Let me begin by saying that people are free to do whatever they want to do and I will not judge them for enjoying, as a friend put it, “taking it up the poop chute”. If that’s what you’re into, I totally support you for being you and enjoying your chosen recreational activities. But I can certainly judge myself, and I’m judging hardcore. I’m judging myself mostly for being very unprepared. Apparently, there is physical preparation to fully enjoy the anal sex experience (if you cringed while reading that I guarantee I cringed way worse while writing that). Like lube, and stretching, or something like that. I don’t know and I don’t care to google the details right now. There is also mental preparation. This involves thinking really hard about whether this is actually something you want to do. Here is an example thought you may want to have before doing the dirty: Do I really want someone up in the place I just excreted last night’s tacos? Now that I am an older, more mature person, I can definitively say, “No, I would like the path last night’s tacos took to remain unmolested by foreign objects.” But that’s now and I’m talking about then.
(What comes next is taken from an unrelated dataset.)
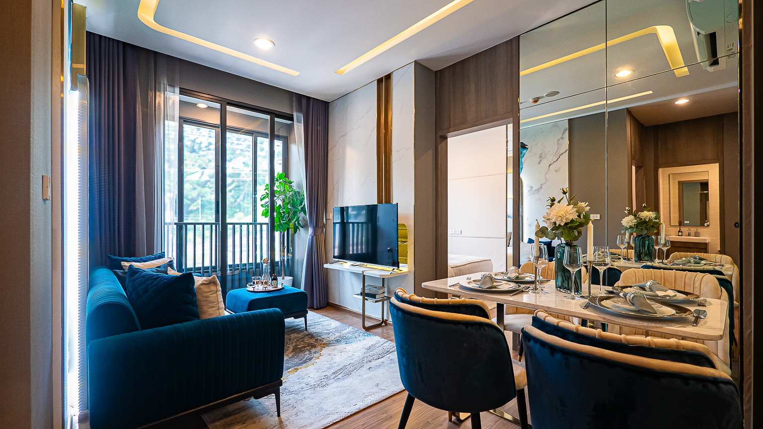 ส่วนถัดมาคือ Living Area โครงการวางชุดโต๊ะรับประทานอาหาร และชุดโซฟาขนาด 2 ที่นั่งไว้เป็นตัวอย่าง

I’m talking about the Carly who decided with her boyfriend that doing it from behind would be a big turn on and, well, the rest of the story is incredibly painful to hear, but probably not as painful as it was for me to get an anal-sphincter-full of some guy’s dick. It felt like reverse constipation. I don’t even know if that makes sense, but that’s what it felt like. Maybe it’d be clearer to say it felt like I was birthing a baby out of my asshole. Or maybe that was just a more disgusting way to convey what I was feeling at that moment. Perhaps the worst part was that I was on someone’s couch when it happened. Not even my own couch. Which, now that I think about it, was probably for the best. I don’t know how the guy felt, but years later I have discovered that I have an apparently pretty hairy butthole, so it couldn’t have been that great for him either. The view was most likely akin to a bathroom sink drain after it has been clogged by a million hairs. By now, you’re already flooded with odious mental images at this point, so I’ll just finish you off by saying that afterwards I had painful diarrhea.

They say college is a time for experimentation. I think I can confidently say I experimented and my laboratory is now animal-cruelty-free and will no longer accept hypotheses dealing with objects entering assholes.